Give back the data below word for word. Any image in it should be left out.

### Records supplied
━━━━━━━━━━

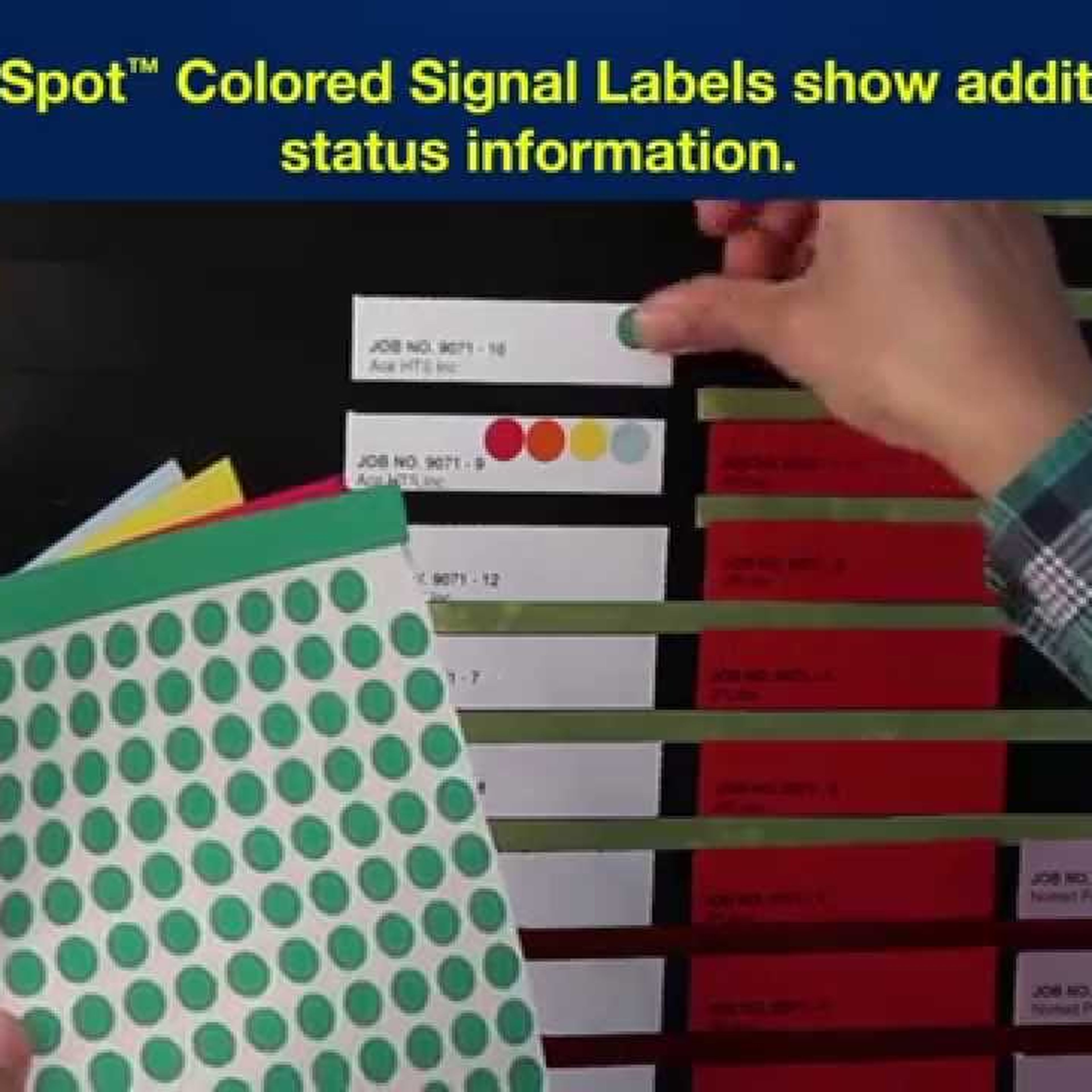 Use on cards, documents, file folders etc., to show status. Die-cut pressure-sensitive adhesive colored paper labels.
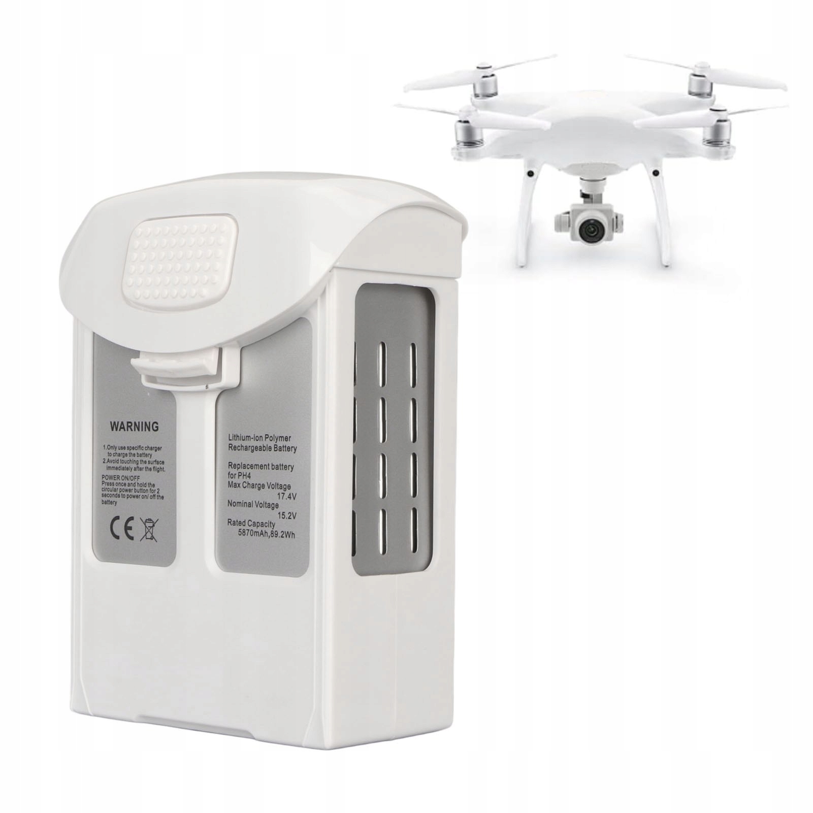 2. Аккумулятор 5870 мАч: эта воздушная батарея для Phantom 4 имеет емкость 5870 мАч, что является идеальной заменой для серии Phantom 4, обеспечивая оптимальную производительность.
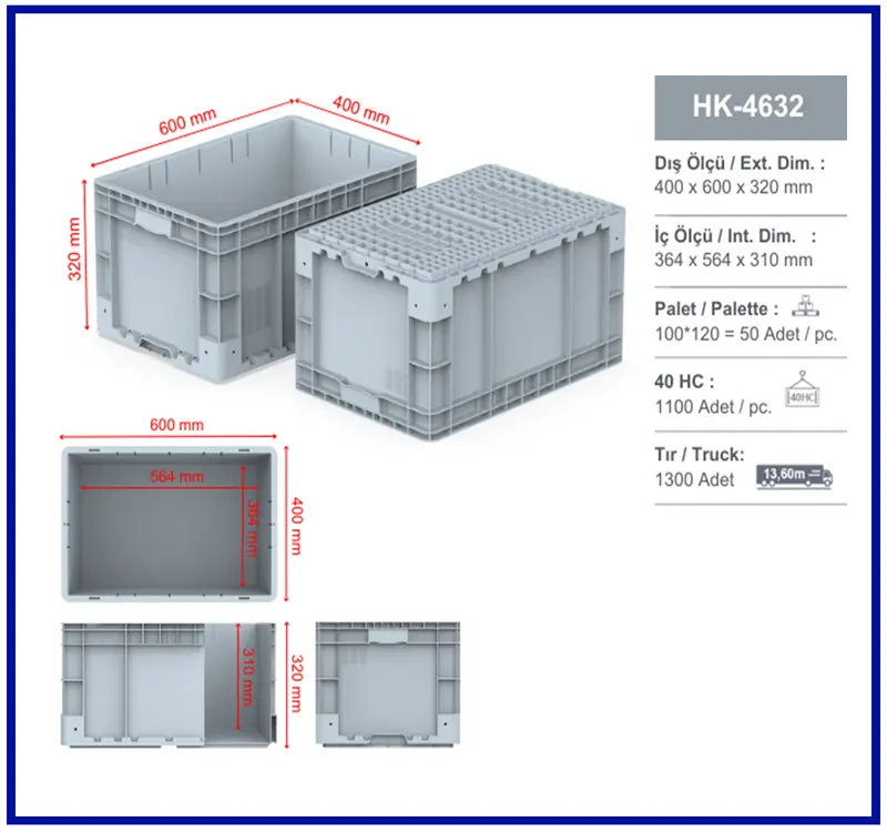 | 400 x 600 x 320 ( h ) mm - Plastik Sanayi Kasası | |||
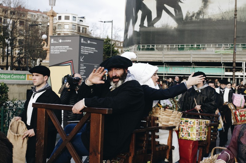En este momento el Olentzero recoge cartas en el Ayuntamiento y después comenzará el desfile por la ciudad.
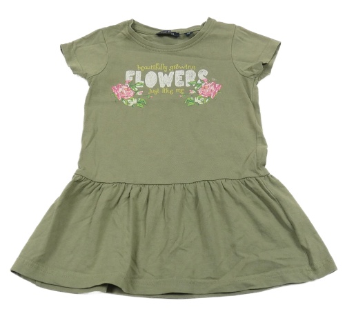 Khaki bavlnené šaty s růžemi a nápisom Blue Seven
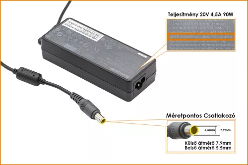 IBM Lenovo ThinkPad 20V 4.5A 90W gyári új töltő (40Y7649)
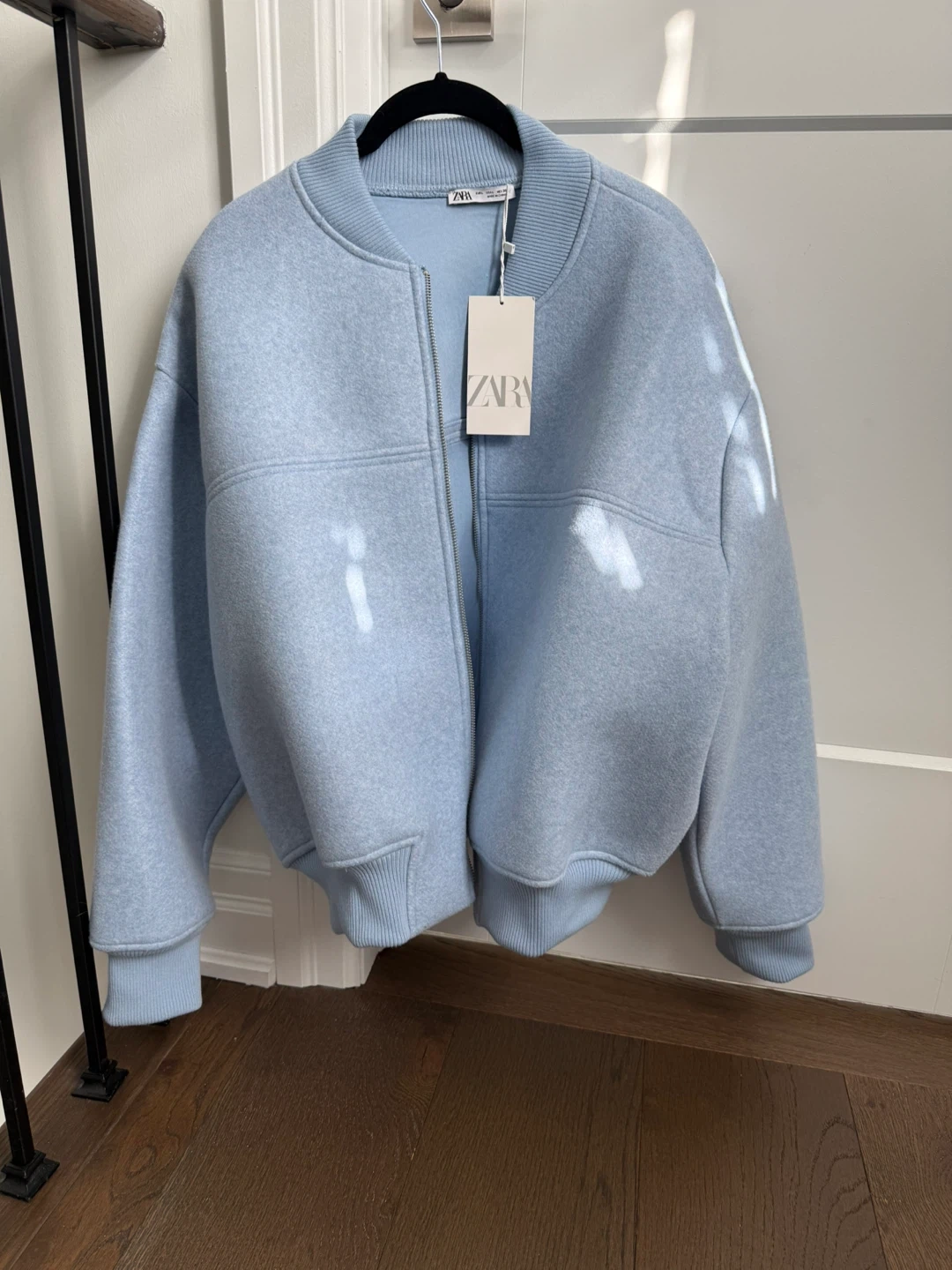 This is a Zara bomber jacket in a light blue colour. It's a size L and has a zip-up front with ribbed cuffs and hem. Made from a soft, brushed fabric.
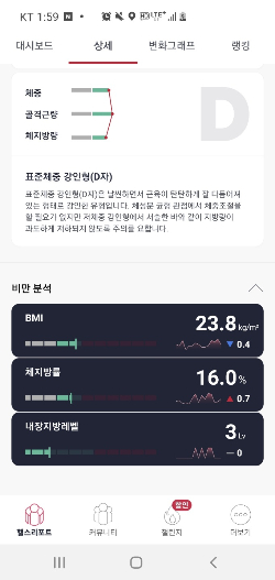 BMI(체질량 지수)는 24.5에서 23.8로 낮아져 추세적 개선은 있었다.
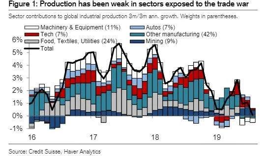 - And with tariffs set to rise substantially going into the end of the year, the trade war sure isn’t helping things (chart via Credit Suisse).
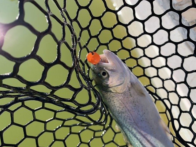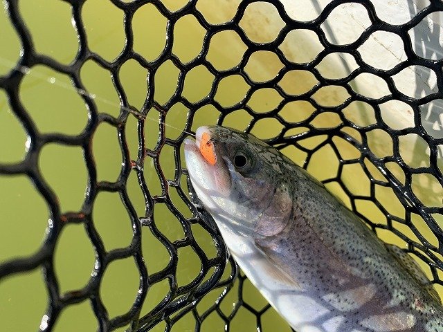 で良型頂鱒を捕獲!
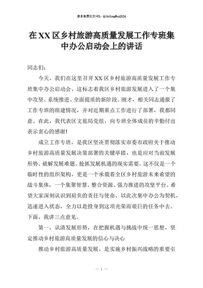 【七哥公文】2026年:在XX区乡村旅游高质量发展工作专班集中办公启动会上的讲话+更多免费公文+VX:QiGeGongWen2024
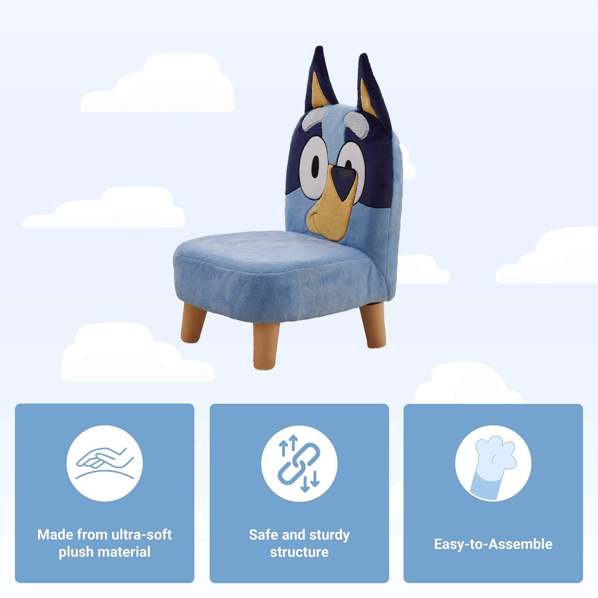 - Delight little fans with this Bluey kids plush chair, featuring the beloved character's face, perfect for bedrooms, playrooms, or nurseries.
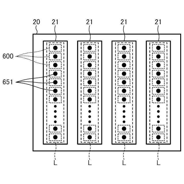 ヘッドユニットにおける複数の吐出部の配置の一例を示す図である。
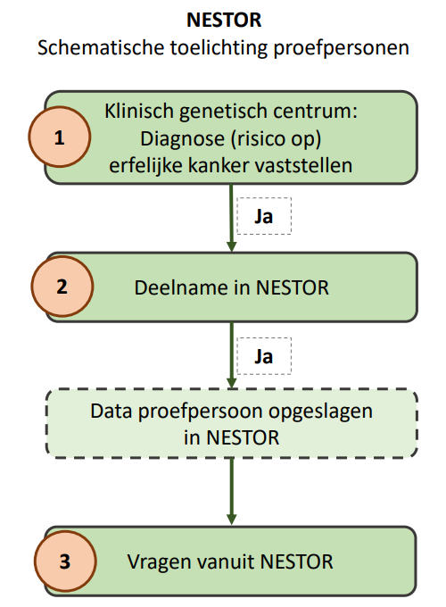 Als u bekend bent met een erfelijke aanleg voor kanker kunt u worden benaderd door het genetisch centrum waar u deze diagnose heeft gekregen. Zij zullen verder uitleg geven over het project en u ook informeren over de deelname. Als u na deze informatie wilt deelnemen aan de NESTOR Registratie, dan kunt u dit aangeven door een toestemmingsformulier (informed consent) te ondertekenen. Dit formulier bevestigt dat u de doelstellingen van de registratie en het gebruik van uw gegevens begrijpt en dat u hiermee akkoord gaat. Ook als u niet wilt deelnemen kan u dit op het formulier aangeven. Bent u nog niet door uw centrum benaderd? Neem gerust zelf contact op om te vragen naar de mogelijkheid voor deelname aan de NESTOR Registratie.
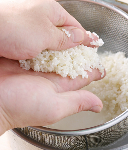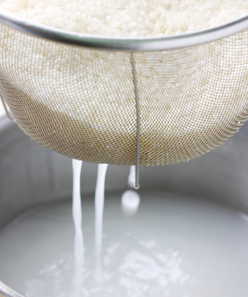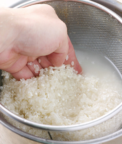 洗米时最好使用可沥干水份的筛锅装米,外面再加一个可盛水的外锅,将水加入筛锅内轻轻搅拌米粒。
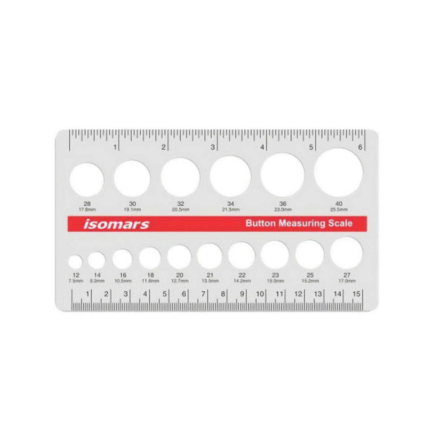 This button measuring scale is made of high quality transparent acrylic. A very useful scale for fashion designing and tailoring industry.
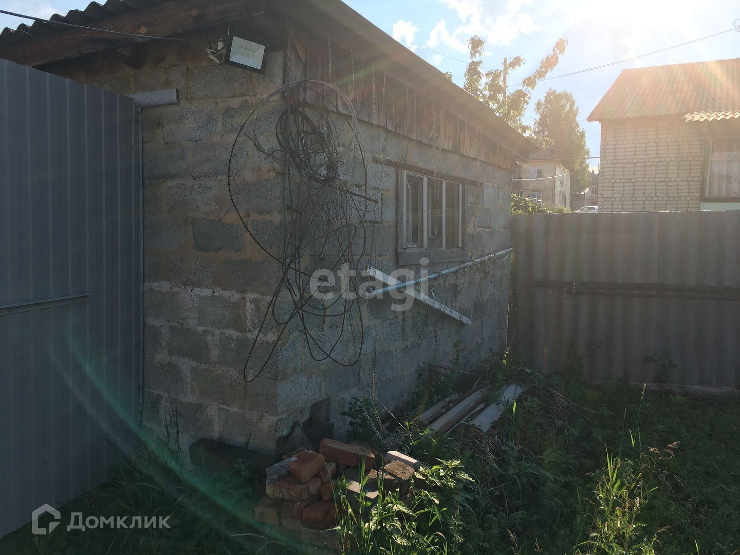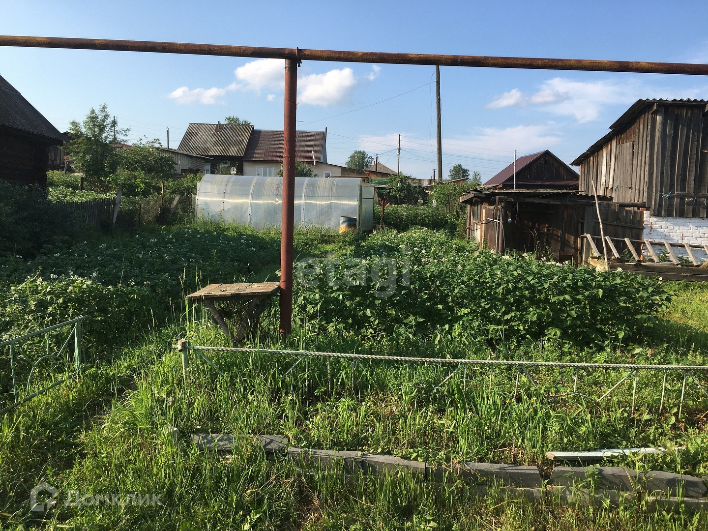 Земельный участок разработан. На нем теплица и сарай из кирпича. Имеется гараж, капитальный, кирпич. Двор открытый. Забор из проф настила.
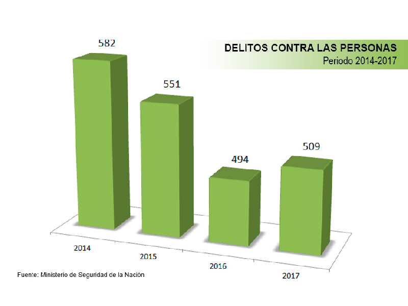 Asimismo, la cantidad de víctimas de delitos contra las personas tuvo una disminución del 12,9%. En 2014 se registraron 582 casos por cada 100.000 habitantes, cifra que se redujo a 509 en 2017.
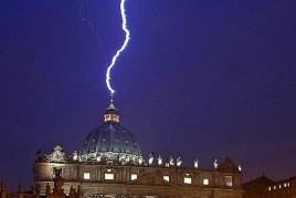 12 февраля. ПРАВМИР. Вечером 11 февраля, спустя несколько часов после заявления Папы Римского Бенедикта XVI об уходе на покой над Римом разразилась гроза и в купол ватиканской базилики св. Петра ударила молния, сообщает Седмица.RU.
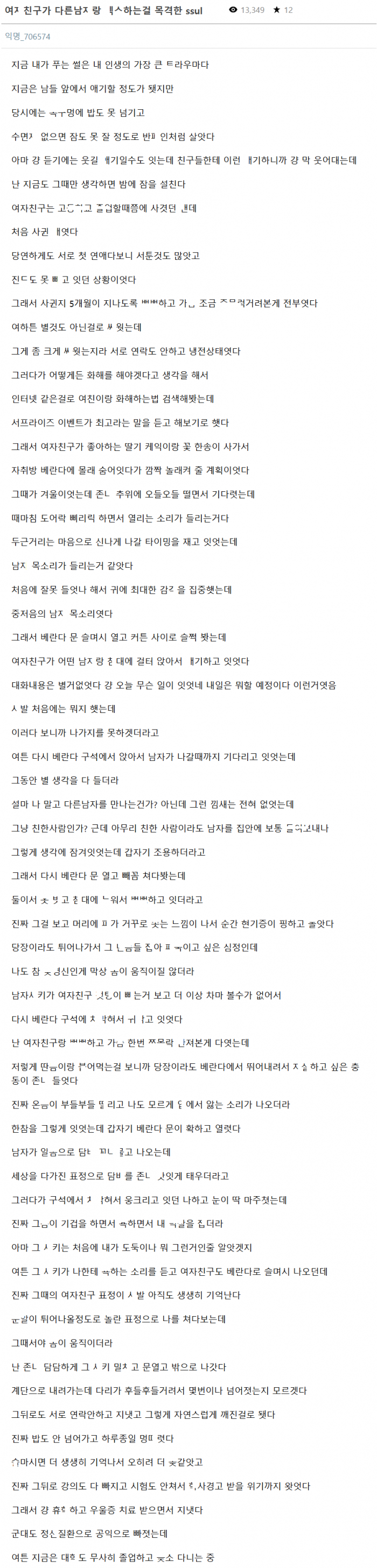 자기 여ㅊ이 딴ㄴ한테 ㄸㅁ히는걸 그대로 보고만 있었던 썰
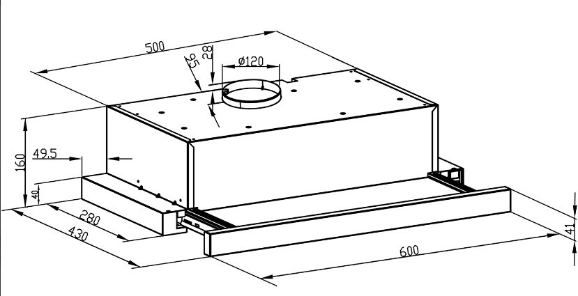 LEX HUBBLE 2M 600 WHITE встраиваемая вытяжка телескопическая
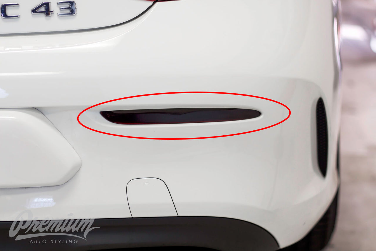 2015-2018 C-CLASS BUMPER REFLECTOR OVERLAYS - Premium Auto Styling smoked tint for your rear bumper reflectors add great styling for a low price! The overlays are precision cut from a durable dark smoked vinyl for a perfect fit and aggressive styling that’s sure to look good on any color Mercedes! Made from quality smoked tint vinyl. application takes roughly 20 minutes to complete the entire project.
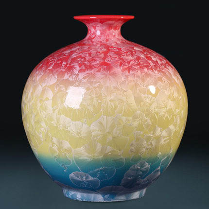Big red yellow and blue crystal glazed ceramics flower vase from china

━━━━━━━━━━

### Task answer
 Use on cards, documents, file folders etc., to show status. Die-cut pressure-sensitive adhesive colored paper labels.
 2. Аккумулятор 5870 мАч: эта воздушная батарея для Phantom 4 имеет емкость 5870 мАч, что является идеальной заменой для серии Phantom 4, обеспечивая оптимальную производительность.
 | 400 x 600 x 320 ( h ) mm - Plastik Sanayi Kasası | |||
En este momento el Olentzero recoge cartas en el Ayuntamiento y después comenzará el desfile por la ciudad.
 Khaki bavlnené šaty s růžemi a nápisom Blue Seven
 IBM Lenovo ThinkPad 20V 4.5A 90W gyári új töltő (40Y7649)
 This is a Zara bomber jacket in a light blue colour. It's a size L and has a zip-up front with ribbed cuffs and hem. Made from a soft, brushed fabric.
 BMI(체질량 지수)는 24.5에서 23.8로 낮아져 추세적 개선은 있었다.
 - And with tariffs set to rise substantially going into the end of the year, the trade war sure isn’t helping things (chart via Credit Suisse).
 で良型頂鱒を捕獲!
 【七哥公文】2026年:在XX区乡村旅游高质量发展工作专班集中办公启动会上的讲话+更多免费公文+VX:QiGeGongWen2024
 - Delight little fans with this Bluey kids plush chair, featuring the beloved character's face, perfect for bedrooms, playrooms, or nurseries.
 ヘッドユニットにおける複数の吐出部の配置の一例を示す図である。
 Als u bekend bent met een erfelijke aanleg voor kanker kunt u worden benaderd door het genetisch centrum waar u deze diagnose heeft gekregen. Zij zullen verder uitleg geven over het project en u ook informeren over de deelname. Als u na deze informatie wilt deelnemen aan de NESTOR Registratie, dan kunt u dit aangeven door een toestemmingsformulier (informed consent) te ondertekenen. Dit formulier bevestigt dat u de doelstellingen van de registratie en het gebruik van uw gegevens begrijpt en dat u hiermee akkoord gaat. Ook als u niet wilt deelnemen kan u dit op het formulier aangeven. Bent u nog niet door uw centrum benaderd? Neem gerust zelf contact op om te vragen naar de mogelijkheid voor deelname aan de NESTOR Registratie.
 洗米时最好使用可沥干水份的筛锅装米,外面再加一个可盛水的外锅,将水加入筛锅内轻轻搅拌米粒。
 This button measuring scale is made of high quality transparent acrylic. A very useful scale for fashion designing and tailoring industry.
 Земельный участок разработан. На нем теплица и сарай из кирпича. Имеется гараж, капитальный, кирпич. Двор открытый. Забор из проф настила.
 Asimismo, la cantidad de víctimas de delitos contra las personas tuvo una disminución del 12,9%. En 2014 se registraron 582 casos por cada 100.000 habitantes, cifra que se redujo a 509 en 2017.
 12 февраля. ПРАВМИР. Вечером 11 февраля, спустя несколько часов после заявления Папы Римского Бенедикта XVI об уходе на покой над Римом разразилась гроза и в купол ватиканской базилики св. Петра ударила молния, сообщает Седмица.RU.
 자기 여ㅊ이 딴ㄴ한테 ㄸㅁ히는걸 그대로 보고만 있었던 썰
 LEX HUBBLE 2M 600 WHITE встраиваемая вытяжка телескопическая
 2015-2018 C-CLASS BUMPER REFLECTOR OVERLAYS - Premium Auto Styling smoked tint for your rear bumper reflectors add great styling for a low price! The overlays are precision cut from a durable dark smoked vinyl for a perfect fit and aggressive styling that’s sure to look good on any color Mercedes! Made from quality smoked tint vinyl. application takes roughly 20 minutes to complete the entire project.
Big red yellow and blue crystal glazed ceramics flower vase from china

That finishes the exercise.